2 minute read‘The Ghost of Bofors resides in South Block’

The Bofors scandal that hit the Government of India in the 1980s related to the alleged kickbacks paid to the then Prime Minister Rajiv Gandhi and others for the supply of 400 155 mm self-propelled howitzers.

The parent company of Bofors, the Celsius Group was purchased by Sweden’s Saab in 1999 and their Bofors Weapons Systems was purchased by United Defense Industries in 2000, which was acquired by British Aerospace in 2005.

And yet in India the name Bofors remains infamous and notorious, afflicting defense acquisitions by India. The result of the scandal has been such that even today, any defense deal made today is immediately called into question with allegations of corruption. “See there was nothing wrong with the gun. The gun performed very well,” says one senior army officer in the know.

“When we send a weapon or equipment for field trials we measure purely on the basis of merit. The ghost of Bofors is not at the proving grounds. The ghost of Bofors resides in South Block,” he says, referring to the office of the Indian Ministry of Defense.

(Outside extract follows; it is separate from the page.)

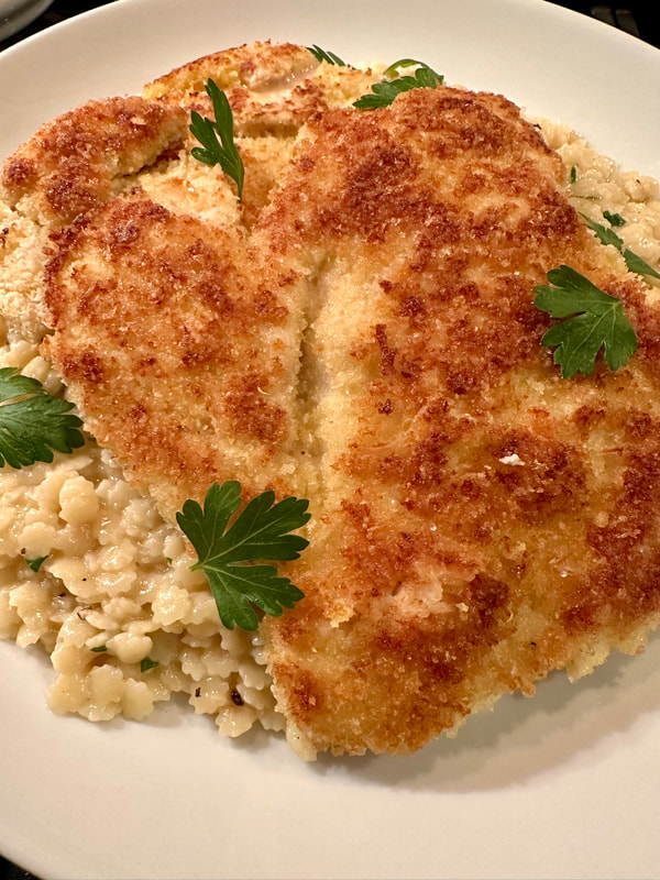 My son-in-law enjoys cooking. He recently prepared a recipe from the website “Carol Bee Cooks,” Orzo al Limone with Crispy Parmesan Chicken. Everyone in his house, except for the three-year-old who found it “too lemony,” enjoyed the dish. With this in mind, I decided to prepare it one night for my husband and I. For the chicken portion of the recipe, you’ll need all-purpose flour, kosher salt, black pepper, eggs, panko, Parmesan cheese, boneless and skinless chicken breast, olive oil and flaky salt. For the orzo you’ll need, olive oil, butter, shallot, black pepper, orzo, chicken stock, a lemon, Parmesan cheese and heavy cream.

Complaints are made that defense procurement by India is either held-up by bureaucrats and politicians who want to have nothing to do with a defense deal for fear of being dragged into a possible corruption scandal later and so refuse to put their name, signature or seal on any deal, or by genuinely corrupt bureaucrats and politicians who hold up any decision on a defense deal unless their own principal gets the contract.

“Normally, the technologies of products offered by different companies for a particular acquisition are usually on par, with perhaps a few differences here and there. So usually it comes down to the price negotiations. If a deal is made for a system that is not the best but perfectly adequate and suitable for our purposes, there are allegations of kickbacks since the ‘best’ product has not been purchased, even though it might be more expensive,” explains the officer.

“How it should work is the choice and purchase of equipment should be purely on merit and price to get the best deal. If after that there is corruption proved, the deal itself should not be tainted and abrogated. Instead, there should simply be harsh financial and criminal penalties for the companies and people involved,” he offers, adding, “At least this way the armed forces wouldn’t suffer from not having the right equipment when required due to the interminable delays. But this will never happen.”

“Instead what we do is we end up buying ad hoc off the shelf without a tender by switching to the Fast Track process when the requirement becomes really urgent,” he says.